Soundtrack album by Vishal–Shekhar
- Released: 13 February 2012
- Recorded: 2012
- Genre: Feature film soundtrack
- Length: 28:18
- Label: T-Series
- Producer: Vishal–Shekhar

Vishal–Shekhar chronology
| The Dirty Picture (2011) | Kahaani (2012) | Shanghai (2012) |

= Kahaani (soundtrack) =

Kahaani is the soundtrack to the 2012 film of the same name directed by Sujoy Ghosh starring Vidya Balan. The film's music consists of six original songs composed by Vishal–Shekhar, with two of them only featured in the film. The album is individually distinctive to the film, either being defined as both companion piece and a concept album to the story and themes. The songs written by Vishal Dadlani, Anvita Dutt and Sandeep Shrivatsava, consists lyrics in English, Hindi and Bengali languages. T-Series released the film's soundtrack album on 13 February 2012.

== Development ==
Shekhar Ravjiani recalled the film had them a chance to curate an original soundtrack with Balan's character in mind where the audience travels with her, so as the music. He described the six-song soundtrack as a companion piece to the film which describes its mood, while two songs from the soundtrack are only heard in the film. When Ghosh gave the script to the duo, he insisted to design those songs without pinpointing on where the songs to be placed. Hence, they came up with five songs for the film, which did not have lip sync. Ravjiani said that Ghosh would often say "Aami Shotti Bolchi", which led Vishal Dadlani pitching the hook line to write lyrics for the song of the same name. That song was performed by Usha Uthup.
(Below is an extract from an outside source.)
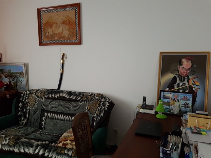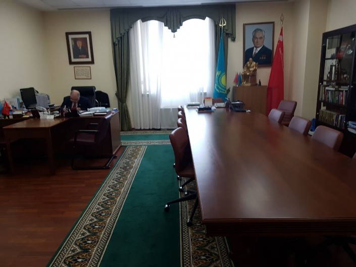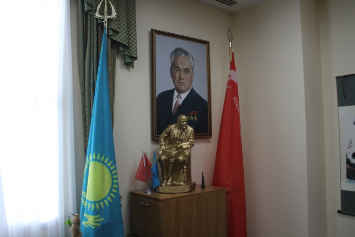 Возле окна два портрета: Нурсултана Назарбаева и Динмухамеда Кунаева.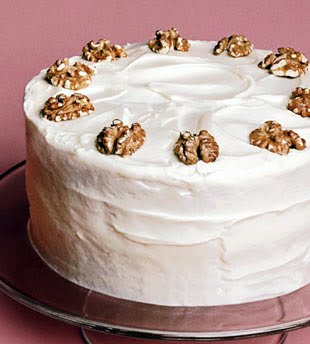 Using serrated knife, trim off domed top of each cake layer, creating flat surface. Place 1 cake layer, trimmed side up, on platter. Spoon 1 cup frosting in dollops over top of cake layer; spread evenly to edges. Top with second cake layer, trimmed side down. Spread remaining frosting evenly over top and sides of cake. Arrange walnut halves around top edge of cake. DO AHEAD Can be made up to 1 day ahead. Cover with cake dome and chill. Bring to room temperature before serving.

Ghosh had an idea for using Rabindranath Tagore's poem "Ekla Chalo Re" as a song for the film. Vishal–Shekhar then tuned it arranged to suit the scenario, by incorporating a Gospel version of the song through Church choir so as to give a new flavour and avoided using an instrumental support, thereby becoming an a cappella number. Ravjiani brought Amitabh Bachchan to perform vocals, who described that Bachchan's voice "just added to the magic of the song. His voice was the best thing that could have happened to that composition."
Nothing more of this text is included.